> [Requirement] Pull out of the data below the stretch of lines bounded by the one containing "Joseph-Marie Terray (Boën-sur-Lignon, 1715/1778)Intéressante" and the one containing "V početních výhodách", both bounds included, unchanged.

=== Data extract ===

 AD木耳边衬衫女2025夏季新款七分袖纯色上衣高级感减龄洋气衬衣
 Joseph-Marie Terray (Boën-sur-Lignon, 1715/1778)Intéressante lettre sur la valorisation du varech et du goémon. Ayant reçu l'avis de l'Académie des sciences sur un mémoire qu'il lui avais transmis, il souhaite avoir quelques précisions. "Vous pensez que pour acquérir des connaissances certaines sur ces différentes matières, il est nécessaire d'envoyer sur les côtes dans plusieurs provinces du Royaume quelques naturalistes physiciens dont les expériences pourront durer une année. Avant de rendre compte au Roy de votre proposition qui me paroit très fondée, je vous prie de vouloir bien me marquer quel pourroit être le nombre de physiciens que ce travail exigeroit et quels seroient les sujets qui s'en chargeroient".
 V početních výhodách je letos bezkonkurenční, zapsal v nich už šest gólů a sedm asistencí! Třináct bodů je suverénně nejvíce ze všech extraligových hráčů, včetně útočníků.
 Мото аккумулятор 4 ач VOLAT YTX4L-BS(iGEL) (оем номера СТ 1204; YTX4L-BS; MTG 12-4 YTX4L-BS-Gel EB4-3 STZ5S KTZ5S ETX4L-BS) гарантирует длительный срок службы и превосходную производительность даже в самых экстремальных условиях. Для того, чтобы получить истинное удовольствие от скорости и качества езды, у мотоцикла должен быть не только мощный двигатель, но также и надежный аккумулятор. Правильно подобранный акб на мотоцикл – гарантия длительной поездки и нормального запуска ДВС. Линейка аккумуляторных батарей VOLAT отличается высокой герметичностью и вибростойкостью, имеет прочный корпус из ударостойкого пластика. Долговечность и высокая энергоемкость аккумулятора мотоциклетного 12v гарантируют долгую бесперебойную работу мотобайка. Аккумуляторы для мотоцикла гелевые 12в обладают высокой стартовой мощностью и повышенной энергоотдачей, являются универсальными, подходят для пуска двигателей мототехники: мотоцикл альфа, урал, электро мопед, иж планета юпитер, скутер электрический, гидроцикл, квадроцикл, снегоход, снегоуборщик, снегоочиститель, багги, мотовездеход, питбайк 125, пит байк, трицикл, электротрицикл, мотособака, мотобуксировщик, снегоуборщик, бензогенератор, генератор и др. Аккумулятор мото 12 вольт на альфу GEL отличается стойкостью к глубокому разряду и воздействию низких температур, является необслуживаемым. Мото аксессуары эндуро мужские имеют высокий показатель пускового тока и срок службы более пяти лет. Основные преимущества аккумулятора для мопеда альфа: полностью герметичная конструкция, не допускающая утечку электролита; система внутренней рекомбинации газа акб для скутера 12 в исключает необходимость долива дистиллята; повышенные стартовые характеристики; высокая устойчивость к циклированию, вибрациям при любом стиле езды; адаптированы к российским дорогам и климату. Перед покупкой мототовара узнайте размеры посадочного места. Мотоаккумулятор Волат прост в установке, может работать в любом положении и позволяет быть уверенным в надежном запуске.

===

> [Reply]
 Joseph-Marie Terray (Boën-sur-Lignon, 1715/1778)Intéressante lettre sur la valorisation du varech et du goémon. Ayant reçu l'avis de l'Académie des sciences sur un mémoire qu'il lui avais transmis, il souhaite avoir quelques précisions. "Vous pensez que pour acquérir des connaissances certaines sur ces différentes matières, il est nécessaire d'envoyer sur les côtes dans plusieurs provinces du Royaume quelques naturalistes physiciens dont les expériences pourront durer une année. Avant de rendre compte au Roy de votre proposition qui me paroit très fondée, je vous prie de vouloir bien me marquer quel pourroit être le nombre de physiciens que ce travail exigeroit et quels seroient les sujets qui s'en chargeroient".
 V početních výhodách je letos bezkonkurenční, zapsal v nich už šest gólů a sedm asistencí! Třináct bodů je suverénně nejvíce ze všech extraligových hráčů, včetně útočníků.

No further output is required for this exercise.